Presenter
David Holbrough from Baker Hughes
Co-authors
Monica Vik Constable, Brice Fortier, Kåre Røsvik Jensen, Frank Antonsen, Equinor, Warren Fernandes, Tor Eiane, Andreas Hartmann, Yuriy Antonov, Craig Saint, Henrik Andersson, Fredrik Jonsbraten, Baker Hughes
Abstract
Objective/Scope:
Deep & ultra-deep azimuthal resistivity (DAR & UDAR) integrated with automated well placement can aid reservoir understanding and maximise reservoir performance. The reservoir concerned is a highly permeable clastic sand that has many geosteering risks and uncertainties, such as reservoir thickness, varying resistivity (50-1000 Ohmm), and highly permeable zones. The objective for the well was to manage these uncertainties whilst optimizing well placement to within 2m of the roof.
Method, Procedures, Process:
An automated geosteering inversion provides continuous top reservoir tracking while drilling. This allows for the creation of a 3D vector which the rotary steerable closed loop system (RCLS) can follow. This method ensures that changes to the well path are initiated without delay ensuring an optimally placed smooth wellbore that facilitates completions.
Mapping reservoir thickness in the presence of a proximal high resistivity contrast and a distant low resistivity contrast is overcome by utilizing multi-frequency & multi-spacing full-tensor, collocated and pure electromagnetic moments.
A combined deterministic & statistical inversion technique delivered the interpreted lithology or fluid “maps”.
Results, Observations, Conclusions:
The well met its formation evaluation, geosteering and mapping objectives and the variance in reservoir thickness and quality could be determined with increased confidence. Additionally, the well placement objectives were met, with the overall median distance to top reservoir of 0.8m, compared to a target window of 0-2m. As a result of optimal well placement, this well is now considered as a very good producer for the field.
Contributing to this success was not only the application of new LWD and digital technology, with embedded automated workflows – but also the integrated communication across a multi-disciplinary team.
Novel/ Additive Information:
Automated inversions, provides continuous top reservoir boundary tracking while drilling, with creation of a 3D vector tracked by the RCLS.

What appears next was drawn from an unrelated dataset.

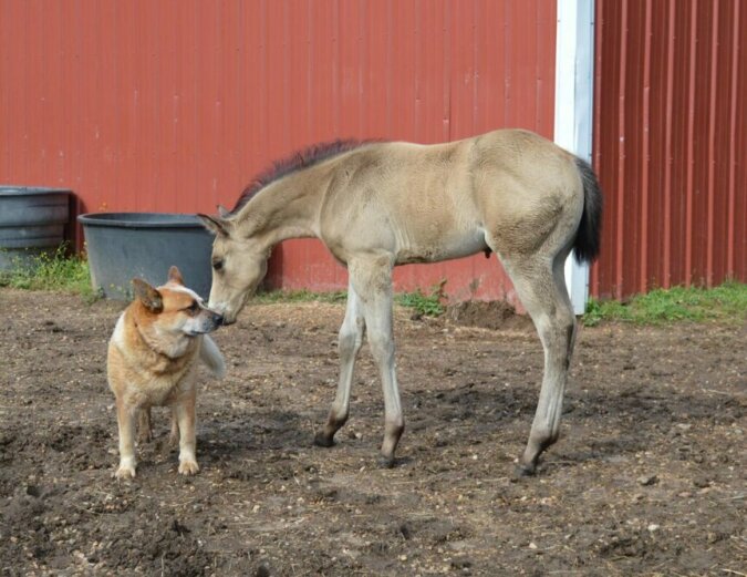 Zip i Tai spotykali się każdego ranka, gdy Carla otwierała stodołę, by wypuścić źrebię na świeże powietrze. Gdy robiła to wolniej niż zazwyczaj i nie wchodziła do środka, pies szturchał ją, jakby mówiąc, żeby wprowadziła jego przyjaciela. Przez pierwsze kilka tygodni źrebak nie chciał wychodzić na świeże powietrze, dlatego Zip kładł się obok niego i spędzał z nim cały dzień.

Acquiring muti-frequency & multi-spacing UDAR data from unique collocated, full-tensor and pure electromagnetic moments adds robustness to the inversion.
New dynamic depth-of-detection, boundary confidence and resistivity analyses helps to quality control the inversions and deliver sensitivity analysis for reservoir volume estimates. Overall, automation enables faster decision making driving improvements in well placement precision.
Biography
David holds a BSc in Geology from the University of Exeter and has 35 years of industry experience with Baker Hughes. He has 28 years international experience in operational roles focusing on top tier Reservoir Navigation across all major basins and led the real-time advisory business in Europe from 2015 to 2020. Currently he is the Senior Global Advisor for Reservoir Navigation working with cross functional teams directing future curriculum, software and technology developments for Reservoir Navigation.